Human Action Recognition by using Dense Trajectories
Keywords:
Dense Trajectories, Sparse KLT, MBH, HOG, Human ActionAbstract
Human activity recognition in video is the major problem in the computer vision. The human detection and tracking is significant challenges in the field of computer vision and pattern analysis which is used for video surveillances, gait pathologies recognition, robotics, human computer interaction and sport. When the video dense trajectories can be used to detect the fore ground motion by using the optical dense flow method. The dense representation is capturing the local information in the each video. The human motion can be tracking by using the spares Kanade Lucas Tomasi based tracker method.
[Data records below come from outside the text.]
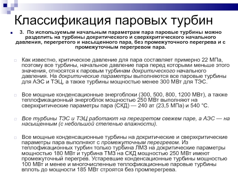 Как известно, критическое давление для пара составляет примерно 22 МПа, поэтому все турбины, начальное давление пара перед которыми меньше этого значения, относятся к паровым турбинам докритического начального давления. На докритические параметры выполняются все паровые турбины для АЭС и ТЭЦ, а также турбины мощностью менее 300 МВт для ТЭС.
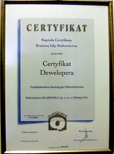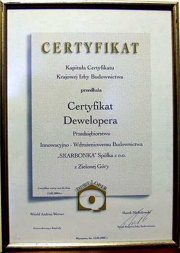 Stawiane firmom wymagania regulaminowe sprawiają, że tylko nieliczni deweloperzy przystępują do procesu certyfikacyjnego, a o tych którzy przechodzą z wynikiem pozytywnym wnikliwe badania, tak jak nasze przedsiębiorstwo, można śmiało powiedzieć, że są wiarygodne i zasługują na miano tych najlepszych, godnych rekomendacji Polskiego Związku Pracodawców Budownictwa.
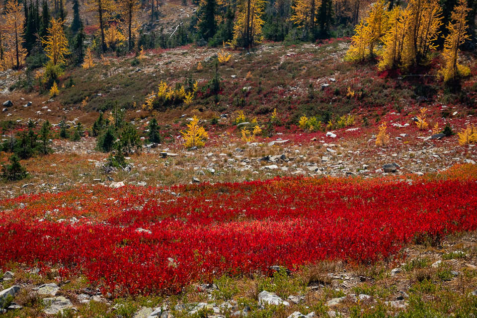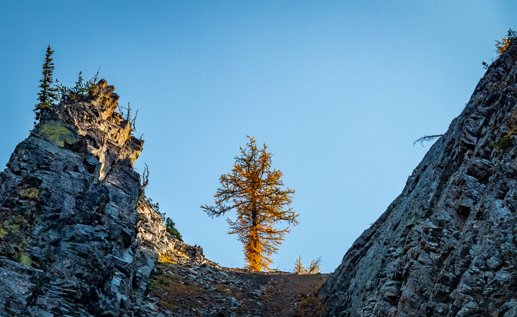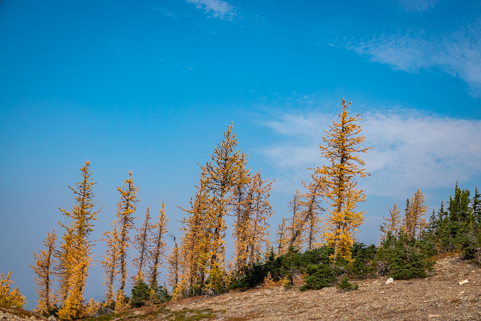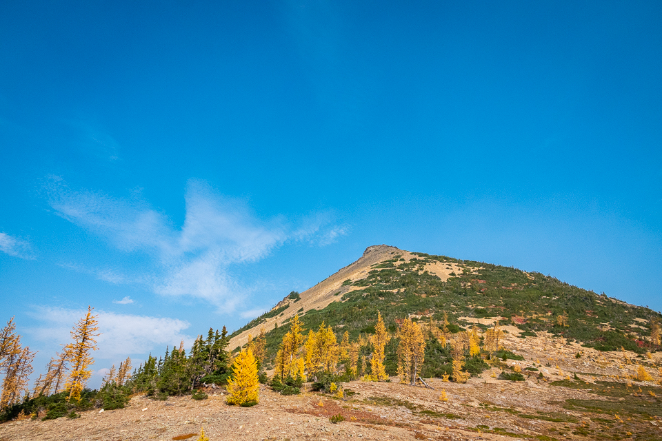 This is my favorite trail, I’m pretty sure. I can return to it multiple times during a hiking season. It does have the very worst road though. It’s a place where the sub alpine larches are enchanting in their early summer greens and amazing when they turn golden in the fall. Pikas are frequently heard and sometimes seen while crossing the talus slopes. Earlier in the year marmots let loose with piercing calls to frighten even the bravest dogs and people too. Now they are underground. The pikas continue to harvest greens to dry in their ‘hay’ piles and then store under the rocks for the long cold winter soon to come.

The motion and structure descriptors are used to describe the human motions based on the motion boundary descriptors such as histogram of gradient and histogram of optical flow. These descriptors are detecting the human by computing derivates in the horizontal and vertical components of the optical flow. We evaluate the pseudo likelihood estimation of each trajectory that is shape factor and scale factor values in the each video dataset. The human activity recognition is classifying the human action by using K Nearest Neighbor classifier and binary Support Vector Machine classifier. The MATLAB tool is used to implement the human action recognition. Various types of human actions are tested and the performance been analysed. In this project, experimentally three datasets are used such as Human 3.6Million dataset, KTH dataset and Berkeley MHAD dataset.